We create a channel for each individual instead of discussing them all in a single channel for the position, in case the same job title comes up in a future opening — it avoids confusion and protects candidate privacy in future searches.
Here the team hammers out the interview schedule, including timing and responsibilities for each interviewer. Candidate details are posted and pinned in this channel.
We also use the channel to coordinate post-interview meetings. The team discusses their feedback on each candidate and the hiring manager decides whether to move forward with an offer or not.
4) #offer-alice-jones (department head, hiring manager, HR, and assigned recruiters)
Recruiters and hiring managers request an offer approval from the department head, and keep the team up to date on discussions with the candidate. This is also the place where they announce whether a candidate accepts or not.
5) #hiring-approvals (entire recruiting staff, HR, finance team, and executive staff)
The finance team and executives give approval on offers in the original channel, either with messages or with a system of emoji reactions used to indicate when key decision makers have signed off, and usually within an hour. Once the candidate accepts the offer, the onboarding process begins.

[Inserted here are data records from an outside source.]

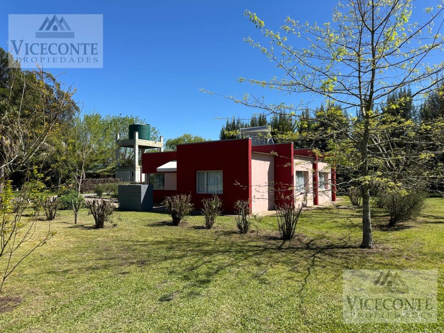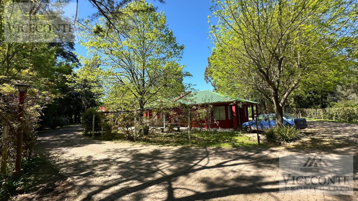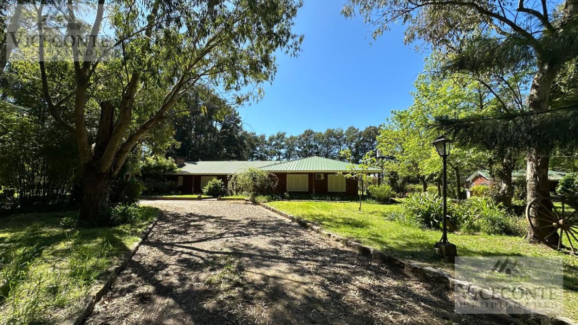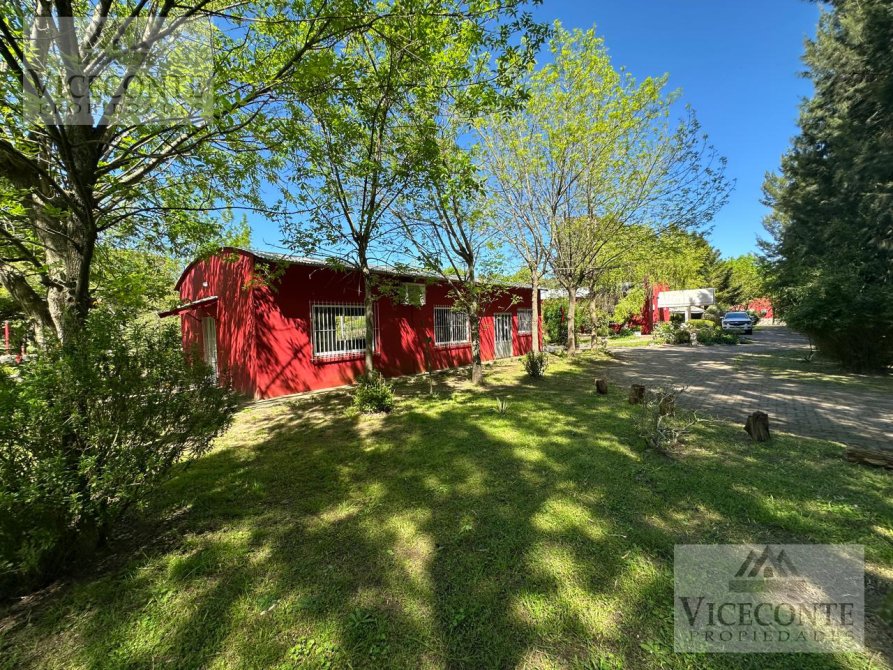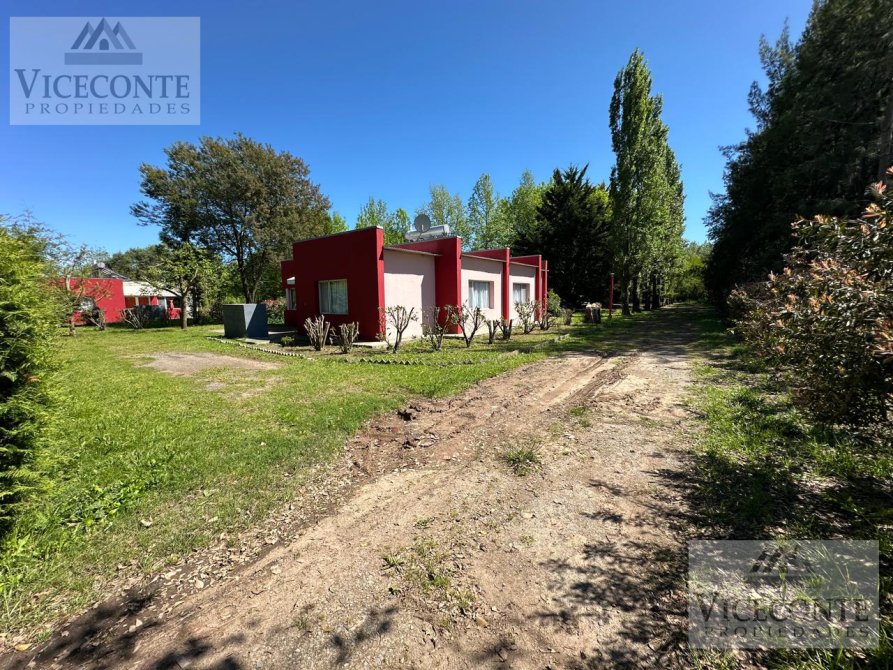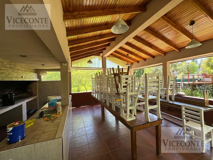 - Casa Principal: (superficie Total: 340m2, Superficie cubierta: 230m2; Superficie Semicubierta: 120m2). Compuesto por: living-comedor con hogar y estufa MAGE, cocina con mesada y bajo mesada con alacenas embutidas, parrilla interna con mesada y bajo mesada, un lavadero con mesada y bajo mesada, 3 dormitorios, 1 baño con ducha y muebles embutidos. aberturas de cedro y techo con vigas con madera reconstituido. El interior del comedor se encuentra revestido con ladrillos a la vista y piedra, quedando en el mismo una mesa de ciprés de 5mts de largo. Techo de chapa, galería semicubierta para auto y galería en todo el contorno de la casa. Patio con mesa exterior. Quincho: (38,7m2): Horno MAGE, con mesada y bajo mesada, techo a dos aguas de chapa de zinc, revestida la pared interior de piedra y cielorraso de madera. Palomar: de forma circular de cemento.
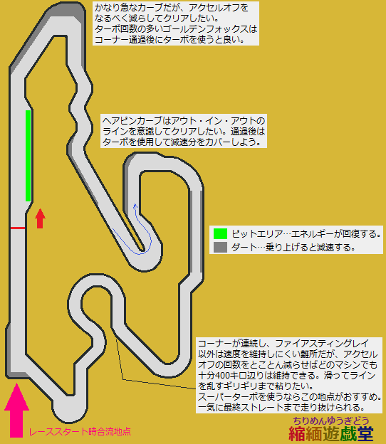 ・このS字カーブはどうしても減速してしまうため、エネルギー残量に余裕があるならばコーナー出口で壁にわざとぶつかり、反動でコース中央まで出てしまうのもアリ(マップ中のピンク色ライン)。当然かなり減速してしまうため、加速の鈍いファイアスティングレイやワイルドグースはコーナー出口でターボで加速したい。
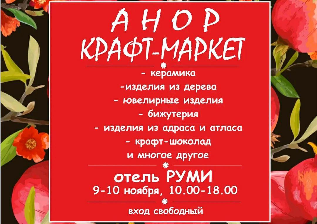 В отеле «Руми» 9 ноября с 10:00 до 18:00 состоится традиционная ярмарка-продажа ремесленных изделий «Анор-Крафт-Маркет» – самое яркое, сочное и вкусное осеннее мероприятие с участием народных умельцев.
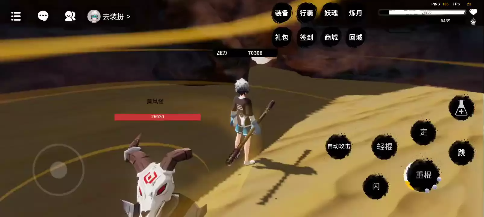 你将扮演天命人,手持金箍棒,身披锁子黄金甲,抓妖降魔,重游西天。 【更新:1、天宫试炼塔挑战模式; 2、上香获得属性收益;3、地图隐藏宝箱;4、在线和签到福利升级;5、增加自动攻击;6、排行榜单】
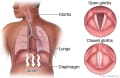 occur when a spasm contracts the diaphragm. The diaphragm is a large sheet of muscle that separates the chest cavity from the abdominal cavity. This spasm causes an intake of breath that is suddenly stopped by the closing of the vocal cords. This is what makes the "hiccup" sound.
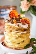Torcik naleśnikowy, z twarożkiem i płatkami zbożowymi Lubella Mlekołaki Choco Piegołaki 184zasługują na wszystko co najlepsze. W najbliższy weekend jest ich Święto – Dzień Babci i Dziadka, więc zaprośmy ich na śniadanie i przywitajmy po królewsku :) Co powiecie na śniadaniowy tort? Z naleśników pachnących pomarańczami, naturalnego, kremowego twarożku i smakowitych zbożowych płatków Lubella Mlekołaki Choco Piegołaki. Nie wiem jak Wy, ale ja myślę, że będą zachwyceni i docenią(...)oleju rzepakowego nadzienie: 800 g kremowego naturalnego twarożku 150 g płatków Lubella Mlekołaki Choco Piegołaki czerwona pomarańcza Mąkę łączymy z jajami, sokiem pomarańczowym i wodą gazowaną. Miksujemy na gładką masę, po czym dolewamy olej i mieszamy. Na nieprzywieralnej patelni, lekko natłuszczonej olejem, smażymy naleśniki (20 sztuk o średnicy około 12 cm). Na każdym z nich rozsmarowujemy twarożek i układamy warstwę

Rookies get their own stadium
After a new hire accepts their offer, they’re soon added to a Slack team created just for new hires, where they join as a member before their start date. There, they can get a feel for how Slack’s own team uses Slack, with HR reps from Slack available to answer any questions and coordinate logistics leading up to (and after) their first day.
Once they’ve started their new job, they’re also added to Slack’s main team where everyone in the company works, but also remain in the new hires team for about a month. Currently, we use a bot from donut.ai to help aid onboarding.
Each morning, the bot greets new hires with a schedule of onboarding events during their first few weeks of orientation. They also get a message at the end of each day asking them how things are going, and staff review those surveys.
Benefits of recruiting efforts in Slack
Channels are private to protect candidates, but since the recruiting team is involved at every stage, the process is visible and searchable by them, with others in the organization added only where necessary.
Doing this work in channels also eliminates a lot of status and update meetings that used to exist. This allows our recruiting team to hire quickly, but also thoughtfully, as they have more time to devote to candidate outreach and reviewing applicants.
All this means a small team can operate at a pace you’d expect from a larger company. Each member of Slack’s recruiting team hires an average of three people per month, with our top recruiter hiring 53 people in 2016 — more than one a week — and she has two kids and doesn’t work nights or weekends.
Chances are you can streamline any operation that takes lots of meetings, emails, and documents, and organize it all in Slack, where your whole team can stay informed and up to date at any point in the process.